Et la réaction de Rachel est complètement ahurissante, hyper gore, Sue y passe en quelques secondes (non mais la Sue qu'on adore ... un pieu dans le crâne ...).
Bref, pas crédible.
Et pas un grand film, pas un bon film ..
Carrie, la vengeance (2013) :
Mais il est parfait ce film, vraie nouvelle adaptation du roman, remake du film de De Palma aussi (il y pioche des choses). C'est un remake, donc forcément ce film va déplaire.
Mais quasiment tout me convient dans ce film. Il est réel et cruel, d'une tristesse digne du roman, rien à voir avec l'horreur de celui de De Palma, ni avec le gore de Carrie 2. Certes, il y a du gore, et un peu d'horreur, mais c'est la tristesse de Carrie qui prédomine.
Tout y est intelligent, l'intéraction entre les personnages, les actes, les modifications du scénario, le choix des scènes. Le roman est parfaitement mis en scène, on y retrouve globalement l'état d'esprit, quelques passages que j'avais adoré, le film reprend aussi des bonnes idées du film de De Palma, puis en rajoute d'autres, avec tout le côté moderne (les portables, etc..) et des choix malins : la mort de Tommy dans les bras de Carrie, ce qui provoque la destruction (et le silence du public, contrairement au film de De Palma), la fin dans la maison (Sue, pluie de pierre). Bon, allez, là encore, Carrie vise certains élèves pour se vanger, mais c'est ciblé plus intelligemment que dans la version de De Palma. Par exemple, elle sauve Mrs Desjardins, et même Sue. Et puis, la destruction de la ville aurait pu être amplifiée.
Le personnage de Carrie est parfait, c'est exactement cette Carrie, timide, mal à l'aise avec la société, persécutée, que je voulais voir. Sa tristesse se mélange parfaitement avec sa haine à la fin : chapeau l'actrice ! D'ailleurs, elle est excellente sur tout le film : sa Carrie est attachante comme jamais, on a la haine de Chris et des persécuteurs, comme dans le livre. C'est Parfait ! Tommy Ross l'est aussi : c'est juste un garçon adorable et bien élevé (et il y a la scène entre Sue et Tommy, avec une vraie réaction humaine de Tommy). Le lien entre Carrie et Margareth (jouée par une Julianne Moore carrément flippante) est du pur Stephen King. Même Chris est malsaine comme il le faut, les lycéens sont bien aussi (ils rigolent un peu facilement .. mais c'était de toutes façons un défaut du bouquin). Ce film est Humain, c'est du Stephen King !!

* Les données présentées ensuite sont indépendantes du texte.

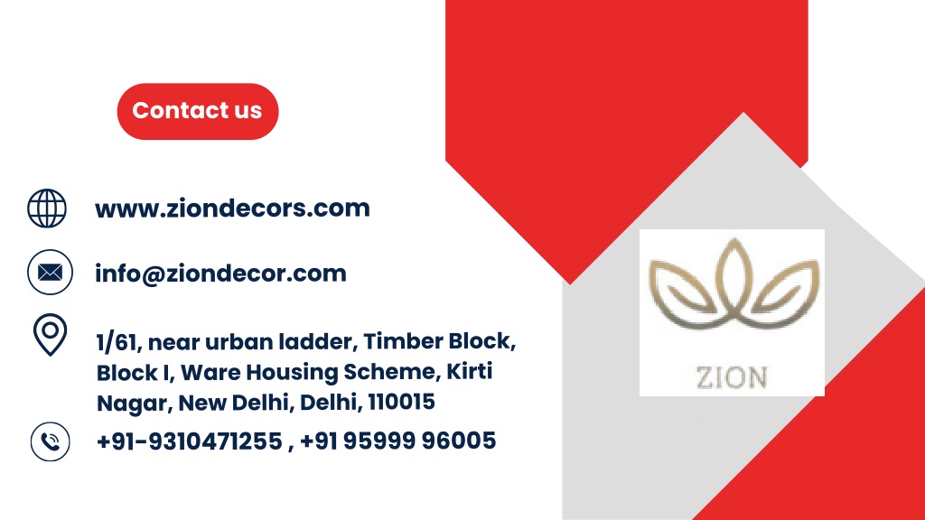 Contact us www.ziondecors.com info@ziondecor.com 1/61, near urban ladder, Timber Block, Block I, Ware Housing Scheme, Kirti Nagar, New Delhi, Delhi, 110015 +91-9310471255 , +91 95999 96005
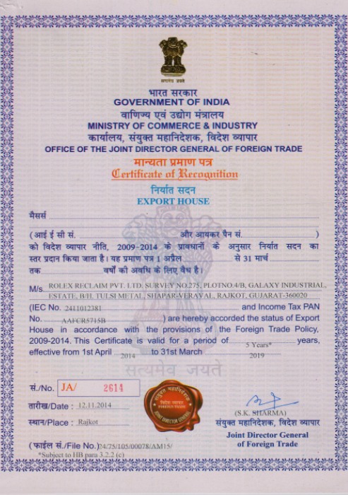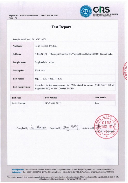 Rolex Reclaim Pvt. Ltd. certifies that Reclaimed Rubber produce by us is fully adapted with ISO regulations. Rolex have pre recorded substances present of REACH compliance and recorded substances present in their products. Also our Butyl Reclaim Rubber is free from Polycyclic Aromatic Hydrocarbons (PAH) and N-Nitrosamines . Below are the certificates which Rolex Reclaim are having i.e. ISO 9001:2015, ISO 14001:2015, EXPORT HOUSE CERTIFICATE & PAHs.
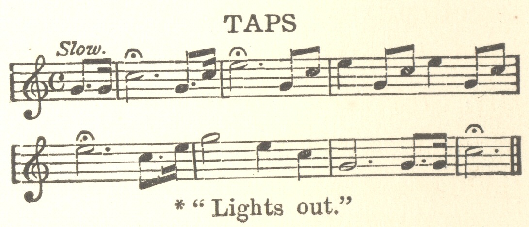 Now an impressive pause—then the bugle sang “Taps”—translatable, this time, into “Good-bye, and God keep us all!” for taps is the soldier’s nightly release from duty, and farewell: plaintive, sweet, pathetic, for the morning is never sure, for him; always it is possible that he is hearing it for the last time. . . .
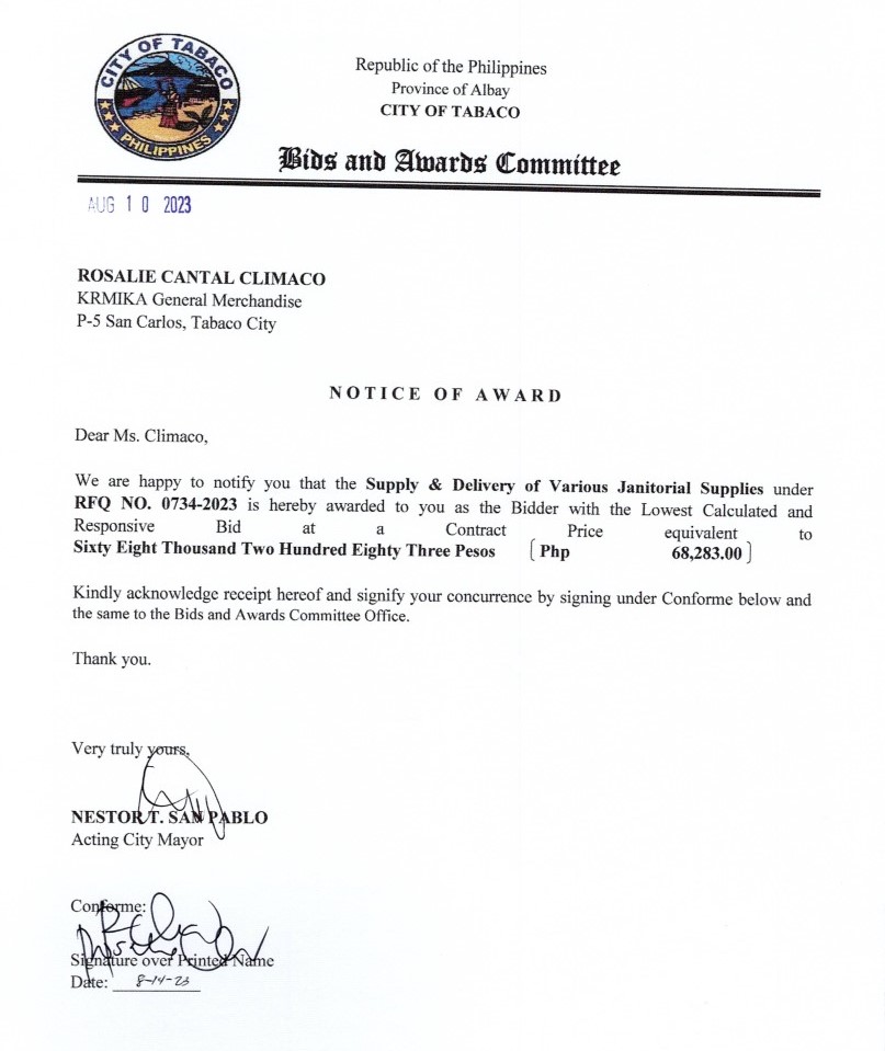 • REQUEST FOR QUOTATION (RFQ)- The City Government of Tabaco through its Bids and Awards Committee (BAC), intends to procure "Job Order: Labor & Materials for Fabrication and Installation of Furniture and Fixture at Legislative Building, Karangahan, Tabaco City" with an Approved Budget for the Contract (ABC) amounting to One Million, Five Hundred Thousand Pesos (Php 1,500,000.00) through Section 34 Small Value Procurement of the Implementing Rules and Regulations of RA No. 12009.
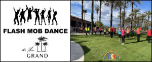 Grand Dance instructors Claire (choreographer) and Valerie led their dance troops, from the Dance Fit Class and the Grandettes, to perform a Flash Mob Dance during a very busy Wednesday outdoor concert at the Adobe Courtyard. When the band members had a brief paused, the Flash Mob Dancers started their “surprise” dance routine.

C'est la meilleure adaptation de Carrie, dans le scénario, le traitement du personnage, l'ambiance de fond, et je trouve en plus ce film plus agréable à regarder que celui de De Palma (bon, la mise en scène est peut être aussi plus passe-partout, mais il y a de bonnes idées de réalisation aussi ...). Sur tous les points, il est meilleur que son prédécesseur, son seul défaut est d'arriver 35 ans après (et je suis outré des critiques sur Allociné .. notamment les critiques Presse).
Regardez Carrie, la Vengeance !
Mon avis écrit quand j'étais ado, sans trop d'avis au final :
Deux parties dans ce livre : la première on découvre l'existence malheureuse de Carrie, partie dans laquelle le talent de Stephen King de pouvoir dresser un portrait psychologique est indéniable. Dans la deuxième partie, on a le droit à une véritable scène d'horreur dans laquelle le portrait psychologique de Carrie est toujours traité .Bref, c'est un livre très porté sur la psychologie de Carrie et une critique vive de la société américaine en rapport aux malheurs de Carrie. Le livre est passionnant et court, permettant de ne pas s'ennuyer et de profiter de la fin avec plaisir, car elle est plaisante. De plus, ce livre est le premier réel succès de Stephen King, le livre qui le révéla au grand public.!
L'avis de Lo^ol, une amie lectrice :
Aye, comment le critiquer alors que c'est le livre qui est à l'origine du succès de Stephen King ? Encore une fois j'ai aussi vu le film qui est bien fait, et assez fidèle au livre. Que dire ? Présence du surnaturel, la télékinésie cette fois, le tête de turc de tous les élèves du lycée va apprendre à métriser ce pouvoir et se venger, la survivante est traumatisée à vie. Mon commentaire est bref, ce livre ne m'a pas particulièrement accrochée.